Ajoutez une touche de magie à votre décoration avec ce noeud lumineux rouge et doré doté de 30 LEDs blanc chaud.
════════════════════
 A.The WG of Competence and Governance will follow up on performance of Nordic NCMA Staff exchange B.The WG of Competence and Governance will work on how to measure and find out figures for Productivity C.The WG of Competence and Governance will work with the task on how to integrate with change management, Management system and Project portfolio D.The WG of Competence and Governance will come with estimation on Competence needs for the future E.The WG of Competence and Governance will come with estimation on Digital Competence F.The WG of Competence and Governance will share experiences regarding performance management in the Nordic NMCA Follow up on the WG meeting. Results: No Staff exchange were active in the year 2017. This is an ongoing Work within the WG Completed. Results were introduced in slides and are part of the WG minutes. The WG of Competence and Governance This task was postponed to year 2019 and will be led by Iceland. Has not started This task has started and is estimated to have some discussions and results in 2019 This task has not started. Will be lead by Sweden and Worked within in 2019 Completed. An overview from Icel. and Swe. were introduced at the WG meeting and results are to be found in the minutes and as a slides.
════════════════════
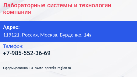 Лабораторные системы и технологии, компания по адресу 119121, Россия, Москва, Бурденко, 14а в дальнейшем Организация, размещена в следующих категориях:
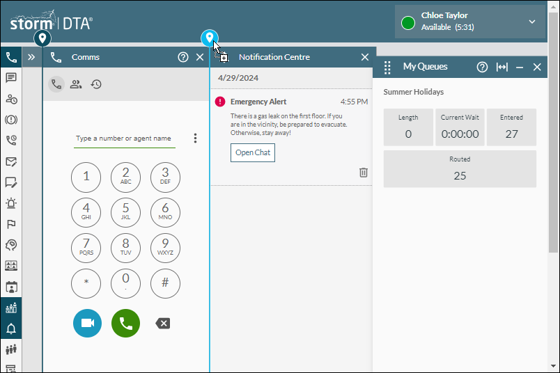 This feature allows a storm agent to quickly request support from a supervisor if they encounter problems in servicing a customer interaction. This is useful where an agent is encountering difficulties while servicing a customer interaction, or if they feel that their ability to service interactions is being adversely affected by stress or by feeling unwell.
════════════════════
| Problem statement |
Write out exactly the run of lines above that starts at the line containing "Лабораторные системы и" and ends at the line containing "This feature allows". Include both, and leave the pictures out.

| Output below |
 Лабораторные системы и технологии, компания по адресу 119121, Россия, Москва, Бурденко, 14а в дальнейшем Организация, размещена в следующих категориях:
 This feature allows a storm agent to quickly request support from a supervisor if they encounter problems in servicing a customer interaction. This is useful where an agent is encountering difficulties while servicing a customer interaction, or if they feel that their ability to service interactions is being adversely affected by stress or by feeling unwell.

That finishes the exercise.